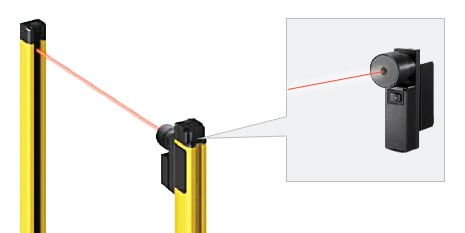 Laserowe narzędzie do osiowania można zamocować w dowolnym miejscu z przodu kurtyny świetlnej, co pozwala szybko zapewnić prawidłowe ustawienie. Nie potrzeba do tego żadnych kabli.
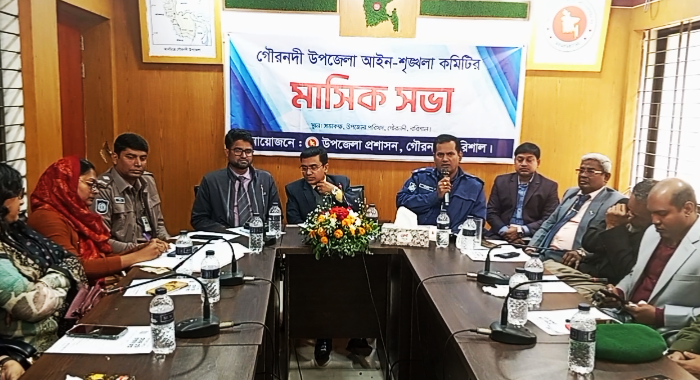 বরিশালের গৌরনদী উপজেলা আইনশৃঙ্খলা কমিটির মাসিক সভা অনুষ্ঠিত হয়েছে। উপজেলা প্রশাসনের আয়োজনে বুধবার ৭ জানুয়ারি ২০২৬ সকালে উপজেলা পরিষদ সভাকক্ষে উপজেলা নির্বাহী অফিসার মোহাম্মদ ইব্রাহিম’র সভাপতিত্বে আইনশৃঙ্খলা সভা অনুষ্ঠিত হয়।
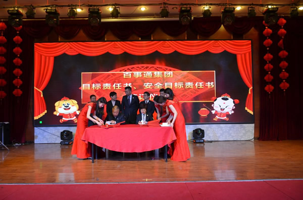 在鼓舞人心的颁奖环节后,举行了各公司目标责任书、安全目标责任书的签订仪式,先后由执行董事马亚利代表集团与各公司签订了目标责任书及安全目标责任书;陕通股份总经理刘强与其各子公司签订了目标责任书及安全目标责任书。
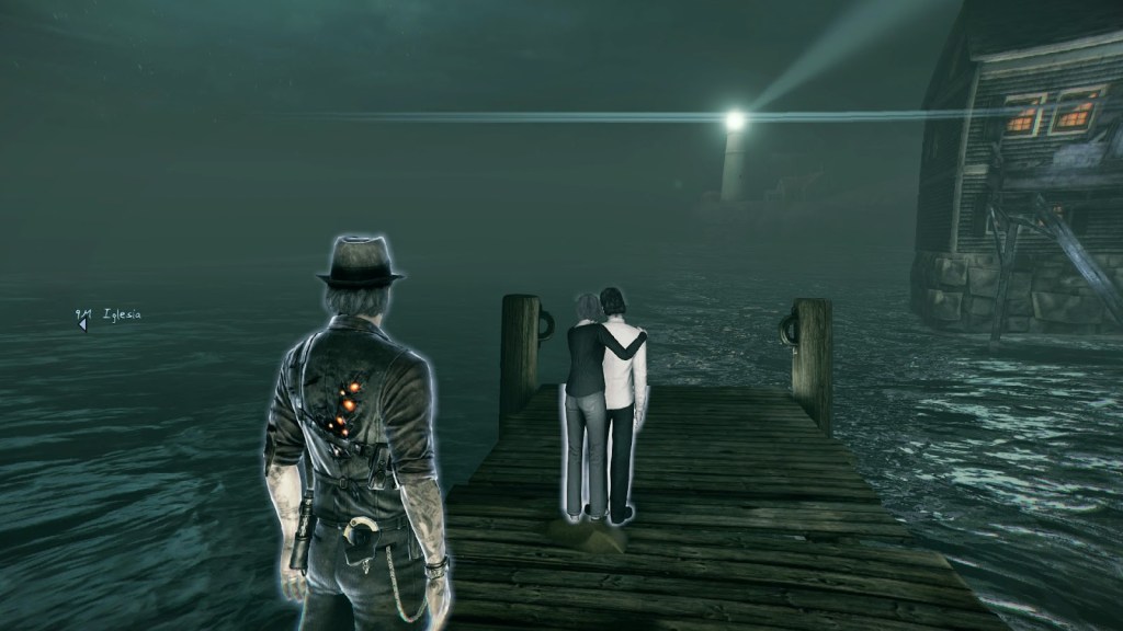 Por último, no puedo olvidarme de la ambientación. Pese a ser discretito en gráficos, Murdered cuida mucho los detalles, hasta el punto de que me hiciera gracia mirar las fotos que había en la casa de la gente, o los cuadros, o los platos por lavar en la cocina, o el jarroncito con flores, o… no sé qué es exactamente lo que hace que un juego consiga esta atención y otros no, porque gráficamente está por la media tirando hacia abajo, pero la cuestión es que así es xD. El tema de los fantasmas también está muy bien integrado, no solo en la aplicación de los conceptos espirituales como elementos jugables, sino también como parte de esta construcción de un espacio espectral superpuesto al mundo físico y tangible.
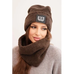 Dámský polarový komplet čepice a nákrčník s ozdobnou nášivkou hnědý

____

▶ **Assignment**:
With all pictures left out, please transcribe exactly the lines from the start of the material through the line with "在鼓舞人心的颁奖环节后,举行".

▶ **Reply to the exercise**:
 Laserowe narzędzie do osiowania można zamocować w dowolnym miejscu z przodu kurtyny świetlnej, co pozwala szybko zapewnić prawidłowe ustawienie. Nie potrzeba do tego żadnych kabli.
 বরিশালের গৌরনদী উপজেলা আইনশৃঙ্খলা কমিটির মাসিক সভা অনুষ্ঠিত হয়েছে। উপজেলা প্রশাসনের আয়োজনে বুধবার ৭ জানুয়ারি ২০২৬ সকালে উপজেলা পরিষদ সভাকক্ষে উপজেলা নির্বাহী অফিসার মোহাম্মদ ইব্রাহিম’র সভাপতিত্বে আইনশৃঙ্খলা সভা অনুষ্ঠিত হয়।
 在鼓舞人心的颁奖环节后,举行了各公司目标责任书、安全目标责任书的签订仪式,先后由执行董事马亚利代表集团与各公司签订了目标责任书及安全目标责任书;陕通股份总经理刘强与其各子公司签订了目标责任书及安全目标责任书。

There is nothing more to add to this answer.